* YOUR INSTRUCTIONS: Give back each entry word for word, but drop the images.

* Data entries:
···
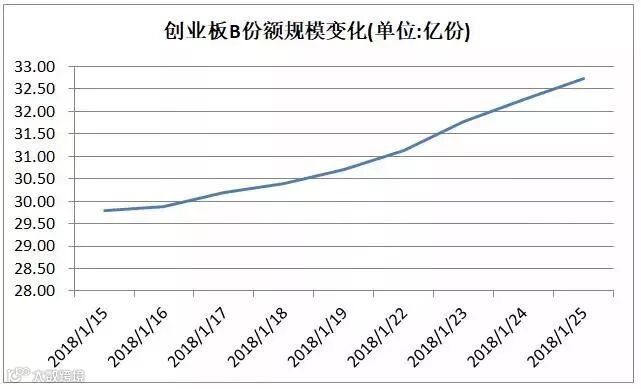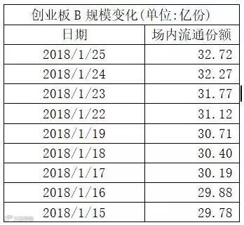 截至1月25日为止,场上规模最大的易方达创业板ETF在最近10个交易日场内流通份额由29.33亿份增长至33.71亿份,份额增幅为14%。博取杠杆收益的创业板B份额也由1月15日的29.78亿份增长至32.72份,增幅9.87%。
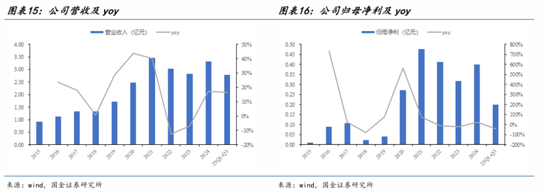 公司收入从2015年的0.91亿元增长至2024年的3.32亿元,CAGR为15.5%。2019-2021年公司收入处于快速增长期,2022-2023年受消费电子景气度放缓影响、收入同比负增,2024年公司收入已重回增长。25Q1-Q3公司实现收入2.79亿元、同比+17%。
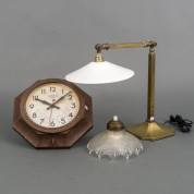 Messing bureaulampje met opaline kapje, glazen lampenkapje, en elektrische wandklok in bakelieten kast, 38 cm
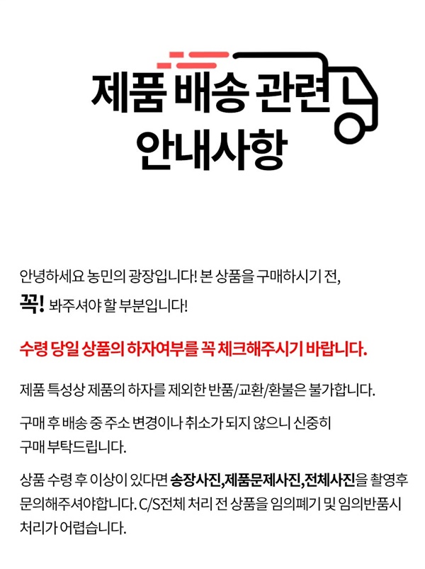 · 상품 불량 사유와 사진을 남겨 주시면 빠른 처리가 가능합니다.
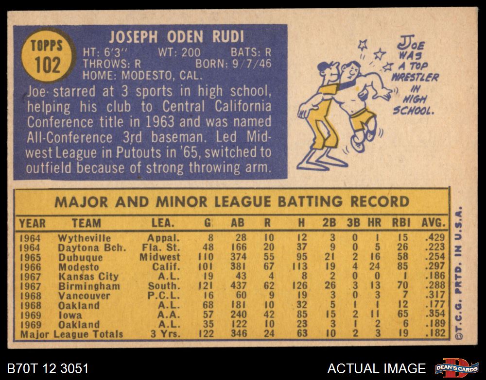 1970 Topps #102 Joe Rudi 5 - EX
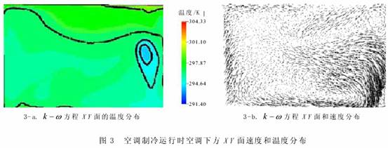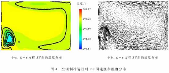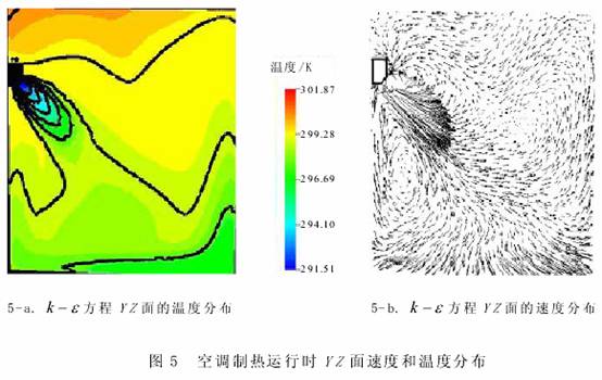 本文利用湍流 k -ε 、 k -ω 方程計算了壁掛式空調(diào)的制冷與制熱運(yùn)行時的三維速度與溫度場,分別比較了制冷與制熱運(yùn)行時 3 個不同坐標(biāo)平面內(nèi)的速度與溫度分布。 空調(diào)的制冷與制熱運(yùn)行的兩個工況,制冷運(yùn)行中出現(xiàn)了冷風(fēng)下墜現(xiàn)象,在制熱運(yùn)行中有部分熱空氣未經(jīng)充分熱交換而直接回流,能量利用不充分,溫度均勻性也不好。 利用 CFD 計算可以改善室內(nèi)的氣流組織,通過改變空調(diào)不同氣流出口速度、不同的出口角度從而得到合理的氣流組織形式,這是采用傳統(tǒng)的射流理論無法做到的。
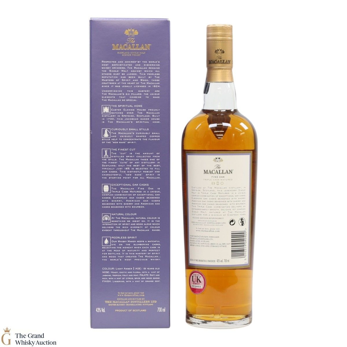 This 18 year old Macallan single malt was released in 2018 and sits is at the top of the Triple Cask range (which replaced the Fine Oak range). The whisky was matured in a combination of European sherry seasoned casks, American sherry seasoned casks and American ex-bourbon casks. This expression boasts bountiful notes of vanilla, dried fruit and woody spice.
···
* RESULT:
 截至1月25日为止,场上规模最大的易方达创业板ETF在最近10个交易日场内流通份额由29.33亿份增长至33.71亿份,份额增幅为14%。博取杠杆收益的创业板B份额也由1月15日的29.78亿份增长至32.72份,增幅9.87%。
 公司收入从2015年的0.91亿元增长至2024年的3.32亿元,CAGR为15.5%。2019-2021年公司收入处于快速增长期,2022-2023年受消费电子景气度放缓影响、收入同比负增,2024年公司收入已重回增长。25Q1-Q3公司实现收入2.79亿元、同比+17%。
 Messing bureaulampje met opaline kapje, glazen lampenkapje, en elektrische wandklok in bakelieten kast, 38 cm
 · 상품 불량 사유와 사진을 남겨 주시면 빠른 처리가 가능합니다.
 1970 Topps #102 Joe Rudi 5 - EX
 本文利用湍流 k -ε 、 k -ω 方程計算了壁掛式空調(diào)的制冷與制熱運(yùn)行時的三維速度與溫度場,分別比較了制冷與制熱運(yùn)行時 3 個不同坐標(biāo)平面內(nèi)的速度與溫度分布。 空調(diào)的制冷與制熱運(yùn)行的兩個工況,制冷運(yùn)行中出現(xiàn)了冷風(fēng)下墜現(xiàn)象,在制熱運(yùn)行中有部分熱空氣未經(jīng)充分熱交換而直接回流,能量利用不充分,溫度均勻性也不好。 利用 CFD 計算可以改善室內(nèi)的氣流組織,通過改變空調(diào)不同氣流出口速度、不同的出口角度從而得到合理的氣流組織形式,這是采用傳統(tǒng)的射流理論無法做到的。
 This 18 year old Macallan single malt was released in 2018 and sits is at the top of the Triple Cask range (which replaced the Fine Oak range). The whisky was matured in a combination of European sherry seasoned casks, American sherry seasoned casks and American ex-bourbon casks. This expression boasts bountiful notes of vanilla, dried fruit and woody spice.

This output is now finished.